»»

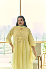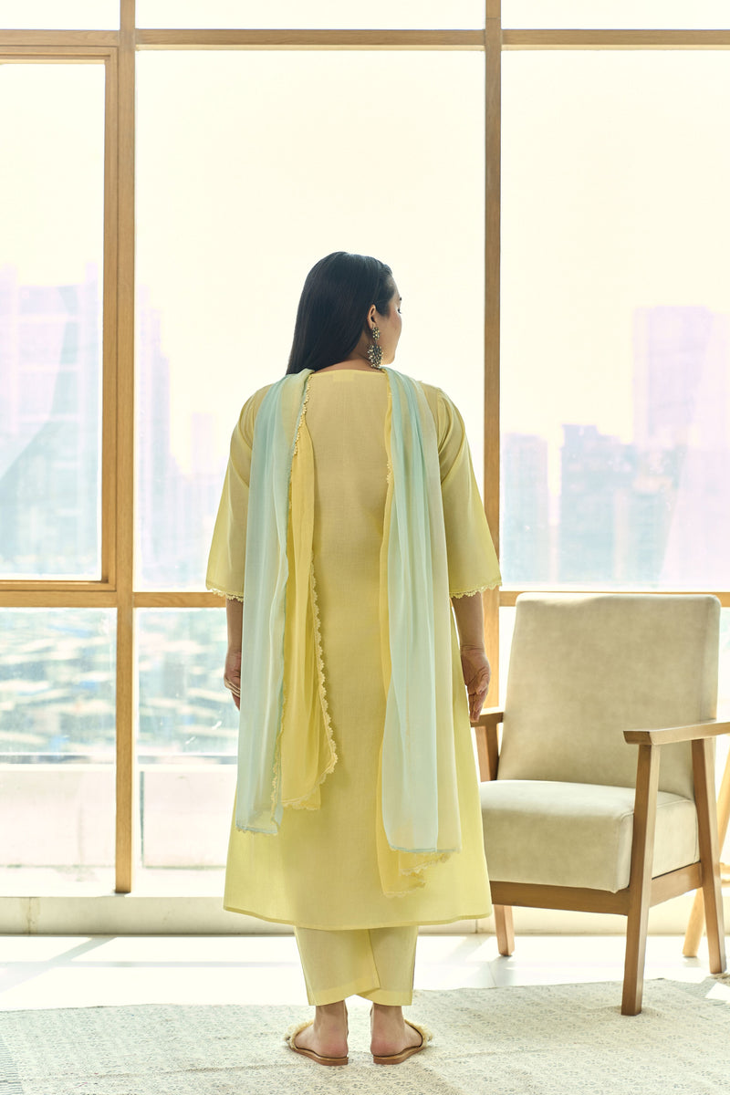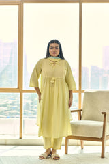 Radiate grace in this sorbet yellow kurta set Kurta set (set of 3), crafted from 100% cotton for
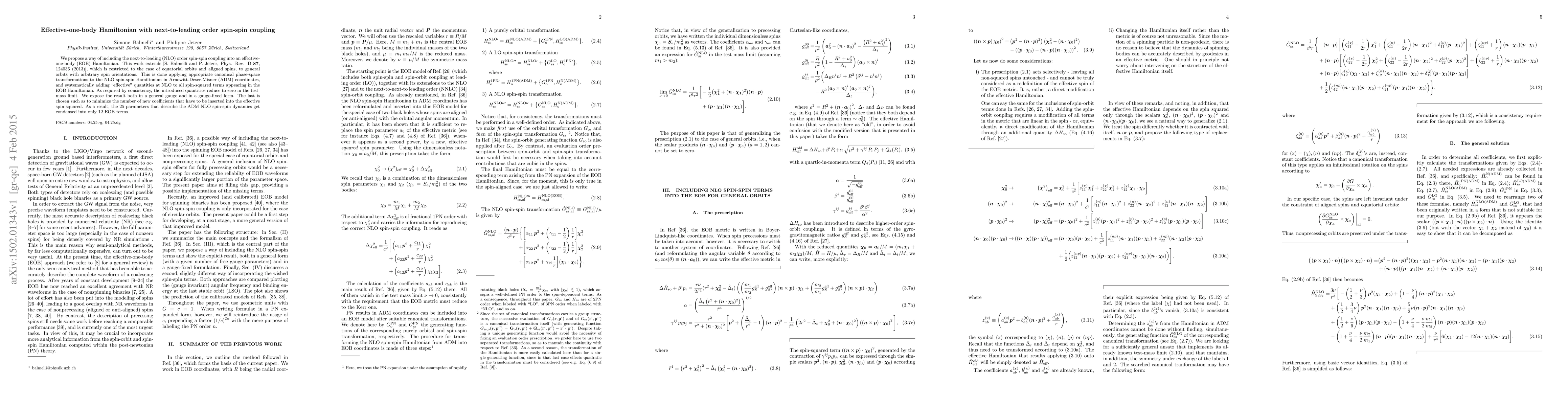 This paper proposes an extension of the effective-one-body (EOB) Hamiltonian to include next-to-leading order (NLO) spin-spin coupling, applicable to general orbits with arbitrary spin orientations. The method condenses 25 ADM parameters into 12 EOB terms, simplifying the dynamics of spinning compact binaries.
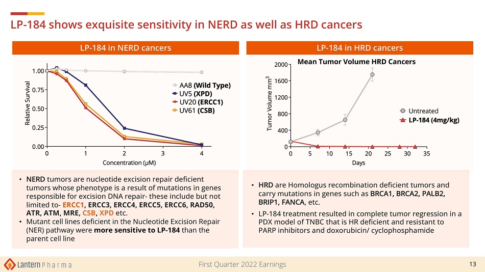 First Quarter 2022 Earnings LP - 184 shows exquisite sensitivity in NERD as well as HRD cancers 13 LP - 184 in HRD cancers LP - 184 in NERD cancers • NERD tumors are nucleotide excision repair deficient tumors whose phenotype is a result of mutations in genes responsible for excision DNA repair - these include but not limited to - ERCC1 , ERCC3, ERCC4, ERCC5, ERCC6, RAD50, ATR, ATM, MRE, CSB , XPD etc. • Mutant cell lines deficient in the Nucleotide Excision Repair (NER) pathway were more sensitive to LP - 184 than the parent cell line ‡ +5' DUH +RPRORJXV UHFRPELQDWLRQGHFLHQWWXPRUVDQG FDUU\PXWDWLRQVLQJHQHVVXFKDV %5&$ %5&$ 3$/% %5,3 )$1&$ HWF ‡ /3 WUHDWPHQWUHVXOWHGLQFRPSOHWHWXPRUUHJUHVVLRQLQD 3';PRGHORI71%&WKDWLV+5GHFLHQWDQGUHVLVWDQWWR 3$53LQKLELWRUVDQGGR[RUXELFLQF\FORSKRVSKDPLGH

««

EXERCISE GOAL :: Please write out all of the data verbatim, with no pictures in the copy.

RESPONSE TO THIS EXERCISE ::
 Radiate grace in this sorbet yellow kurta set Kurta set (set of 3), crafted from 100% cotton for
 This paper proposes an extension of the effective-one-body (EOB) Hamiltonian to include next-to-leading order (NLO) spin-spin coupling, applicable to general orbits with arbitrary spin orientations. The method condenses 25 ADM parameters into 12 EOB terms, simplifying the dynamics of spinning compact binaries.
 First Quarter 2022 Earnings LP - 184 shows exquisite sensitivity in NERD as well as HRD cancers 13 LP - 184 in HRD cancers LP - 184 in NERD cancers • NERD tumors are nucleotide excision repair deficient tumors whose phenotype is a result of mutations in genes responsible for excision DNA repair - these include but not limited to - ERCC1 , ERCC3, ERCC4, ERCC5, ERCC6, RAD50, ATR, ATM, MRE, CSB , XPD etc. • Mutant cell lines deficient in the Nucleotide Excision Repair (NER) pathway were more sensitive to LP - 184 than the parent cell line ‡ +5' DUH +RPRORJXV UHFRPELQDWLRQGHFLHQWWXPRUVDQG FDUU\PXWDWLRQVLQJHQHVVXFKDV %5&$ %5&$ 3$/% %5,3 )$1&$ HWF ‡ /3 WUHDWPHQWUHVXOWHGLQFRPSOHWHWXPRUUHJUHVVLRQLQD 3';PRGHORI71%&WKDWLV+5GHFLHQWDQGUHVLVWDQWWR 3$53LQKLELWRUVDQGGR[RUXELFLQF\FORSKRVSKDPLGH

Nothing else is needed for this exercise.